Events with a 0.1- to 1-µm diameter were identified in forward scatter and side scatter intensity dot representation, gated as MP, and then plotted on one- or two-color fluorescence histograms. MP were defined as elements that had a size <1 µm and >0.1 µm and were positively labeled by specific antibodies. Freezing MP did not affect MP forward scatter and side scatter distribution (data not shown). MP concentration was assessed by comparison with calibrator Flowcount beads (Beckman Coulter; 10-µm diameter) with a predetermined concentration. Sample analysis was stopped after the count of 20,000 events at medium flow-rate setting.

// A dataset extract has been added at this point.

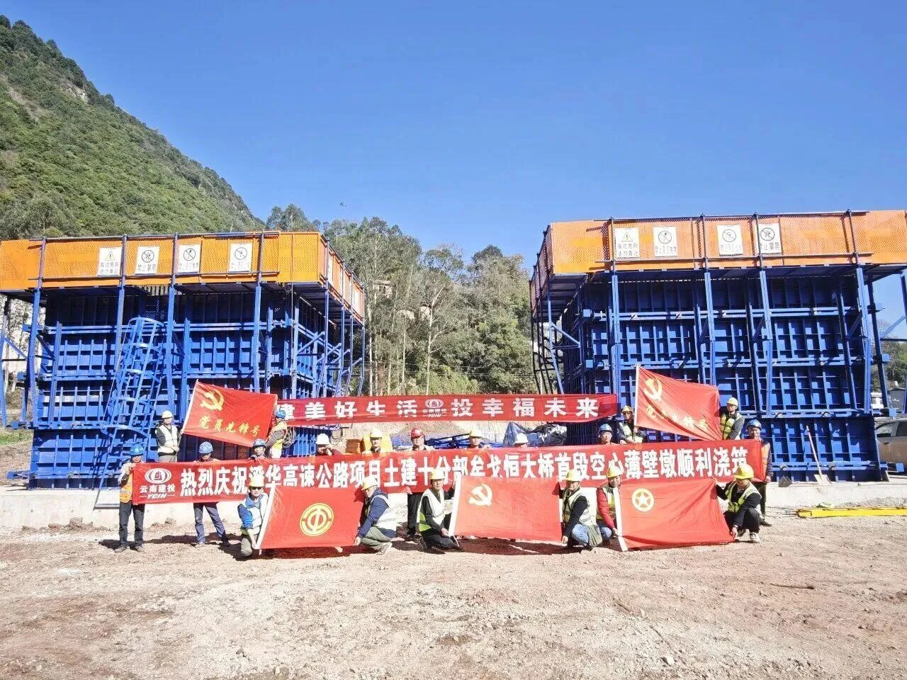 2025年12月29日,澄华高速的重点控制性工程——矣戈恒大桥顺利完成首段空心薄壁墩浇筑。

Several specific MP populations were defined, as previously reported elsewhere (13–15): Erythrocyte-derived MP (CD235a+), endothelium-derived MP (EMP; CD144+), pan-leukocyte MP (CD45+), lymphocyte-derived MP (CD3+), granulocyte-derived MP (CD66b+), and granulocyte/monocyte-derived MP (CD11b+). Leuco-endothelial MP and platelet-derived MP were plotted on a two-color FL2 versus FL4 graph representing fluorescence for CD31/FL2 and CD41/FL4. Platelet-derived MP (PMP) were defined as MP positively labeled for both CD41 and CD31 antibodies, whereas CD31+/CD41– MP were considered as leuco-endothelial.

Arterial Hemodynamics
Common carotid artery (CCA) intima-media thickness, CCA and brachial artery (BA) diameters, and wall motion were measured with a high-resolution B-mode (7.5-MHz) echotracking system (Wall-Track, Maastricht, The Netherlands) (16,17). Vessel walls are identified automatically, and their displacement is tracked throughout the cardiac cycle. According to phase and amplitude, the radiofrequency signal over six cardiac cycles is digitized and stored in a large bank memory. The accuracy of the system is ±30 µm for diastolic diameter (Dd) and ±<1 µm for stroke diameter change. Aortic pulse wave velocity (PWV) was determined by an automatic computer-assisted system (CompliorSp, Artech Medical, Pantin, France) over 15 cardiac cycles as described previously (17). CCA pulse pressure (PP) and CCA augmentation index were measured noninvasively by applanation tonometry with a SphygmoCorPx (Atcor Medical Pty Ltd, Moreton-in Marsh, UK), and diastolic and integrated mean brachial pressures were used to calibrate CCA pressure as described previously(16). CCA distensibility (CCAdi) was determined from the changes in CCA diameter during the systole (Ds) and diastole (Dd) and simultaneously measured changes in CCA pulse pressure (PP) according to the following formula: CCA distensibility = 2[(Ds – Dd)/Dd]/PP. The CCA incremental elastic modulus (Einc) was calculated as Einc = 3(1 + LCSA/IMCSA) x 1/CCAdi, where LCSA is the luminal cross-sectional area, and IMCSA is the intima-media cross-sectional area.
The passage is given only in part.